I have literally eliminated what feels like everything, to a point where I can barley even rotate food anymore. When I try and introduce something, my stomach swells up like a balloon for hours and it’s so painful. I just don’t know what to do and I feel so stuck as to how to introduce something and what because I don’t have a reference for what will do Well
I’m so sorry that you’ve been in so much pain Linden, that is so frustrating and can be so discouraging. If you’d like some more specific resources that might help, feel free to email firstname.lastname@example.org and we can chat further!

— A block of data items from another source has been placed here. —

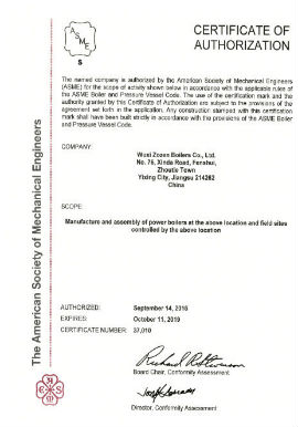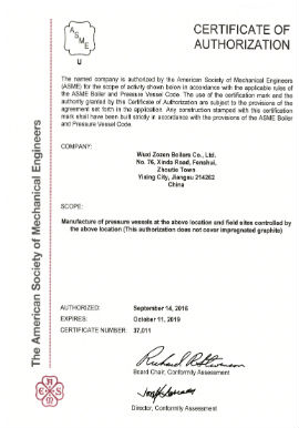 無錫中正鍋爐有限公司公司持有A級鍋爐制造許可證,BRⅡ級壓力容器制造許可證,美國ASME標準“S”(動力鍋爐)、“U”(壓力容器)許可鋼印,并全面通過ISO9001:2015國 際質量體系認證。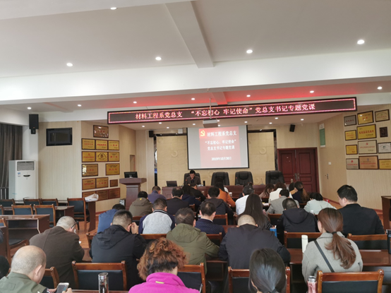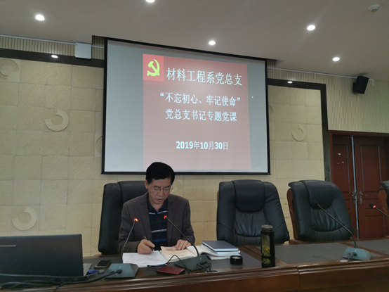 为深入学习习近平新时代中国特色社会主义思想,贯彻习近平总书记关于“不忘初心、牢记使命”主题教育的重要讲话和重要指示批示精神,推动学习“不忘初心、牢记使命”主题教育往深里走、往心里走、往实里走,确保主题教育各项活动取得成效。根据《中共威廉希尔足球官网委员会关于开展“不忘初心、牢记使命”主题教育的实施方案》(绵职公司党发﹝2019﹞51号文)的部署和安排,结合我系实际。10月30日中午,材料工程系党总支在崇实楼202会议室开展了“不忘初心、牢记使命”——党总支书记讲党课主题教育活动,材料工程系全体教职工参加。材料工程系党总支书记豆祎主持了本次主题教育活动。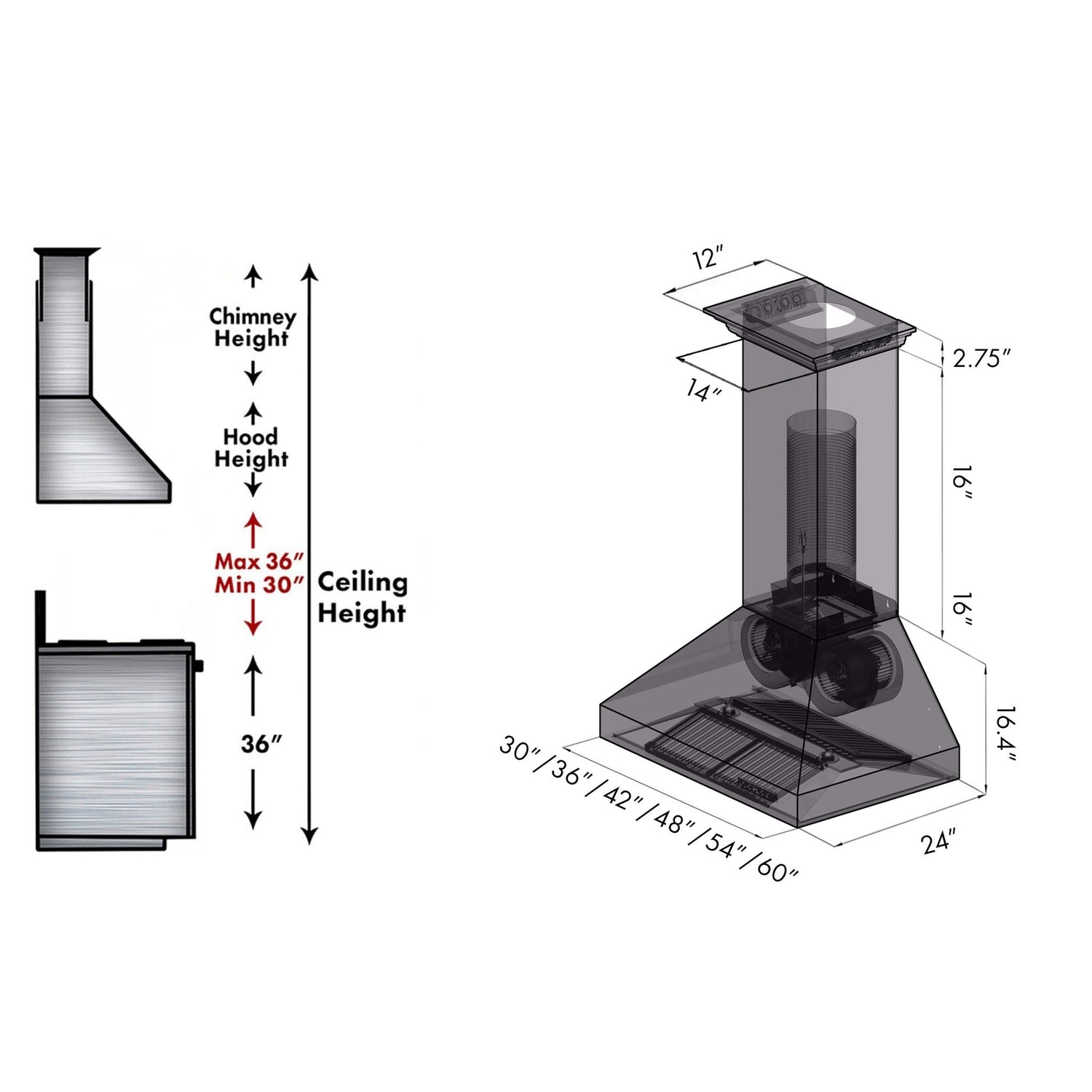 The ZLINE Wall Mount Range Hood with Built-in ZLINE CrownSound Bluetooth Speakers transforms the seamless, elegant ceiling transition of ZLINE Range Hoods into a high-fidelity, wireless sound system, creating the perfect entertainment area for you and your guests. With ZLINE CrownSound, you can pair your smart device up to 50 feet away for optimal access and control of audio in your kitchen. The high-performance, 4-speed motor provides all the power you need to quietly and efficiently ventilate your kitchen while hosting kitchen dance parties or listening to your favorite podcasts. With its classic 430-grade stainless steel, this range hood contains rust, temperature, and corrosion-resistant properties to ensure a durable vent hood that will last for years to come. Enjoy modern features, including built-in LED lighting for an illuminated culinary experience and dishwasher-safe stainless steel baffle filters for easy clean-up. This wall mount mount range hood has a ducted vent with easy, simple installation. Achieve a functional, modern upgrade that is perfectly harmonized with your favorite ZLINE Range Hood designs. ZLINE continues to revolutionize the industry by providing our customers with ZLINE Attainable Luxury. ZLINE proudly stands by the longevity and durability of their range hoods alongside its 3-year manufacturer parts warranty.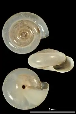 | Shell of Mediterranea hydatina hydatina (specimen at MNHN, Paris) | |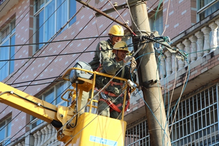 15:30分,在各組人員的努力下,一切準備工作就緒,作業(yè)人員開始進行“站隊三交”,進行安全措施布置,對受損電桿做防倒措施。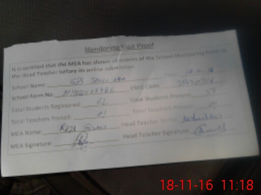 | Attendance Register | Head Teacher | MEA with School | Visit Proof |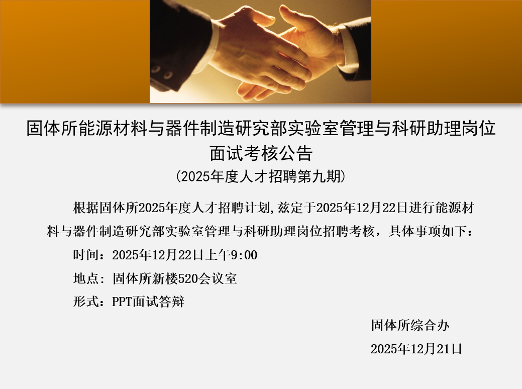 【面试通知】2025年第九期:固体所实验室管理与科研助理岗位面试考核公告

Having the same issues after a year and a half of acid reflux/GI symptoms and years of food intolerances..We have been able to pin point the possible cause to a histamine intolerance and have had great results with the vitamin Quercetin. As often it looks like food intolerances making the guessing game of what we can tolerate even more complicated. It acts the same bloating, high acid, etc. You might want to look into it. Hang in there you are not alone ❤️
At this point I’m only good with 2 veggies, beets and broccoli and some flax oil. I can start reintroducing food now and can have a bit of sweet potato but more than a few days in a row and my symptoms start coming back Squash was the same. Any suggestions on the best most nutritious food to start with?. Eggs are highly reactive for me even before my 5 months ( extreme diet ) of 2 veggies ( I’m seeing both a medical Dr. And Naturopath Dr.) Things are so much better and feel normal again thanks to Quercetin (a vitamin) and preparing and choosing low histamine foods the right way. I’m ready to enjoy more foods now! Something more filling maybe , I’m hungry all the time it seems even with 4 great sized meals (4c.+per meal) a day, Thanks for listening!
So glad to hear you’re starting to see some progress! I stand by the tips in the this article and encourage you to follow the advice of your doctor as you navigate the reintroduction process 🙂 Every body is different!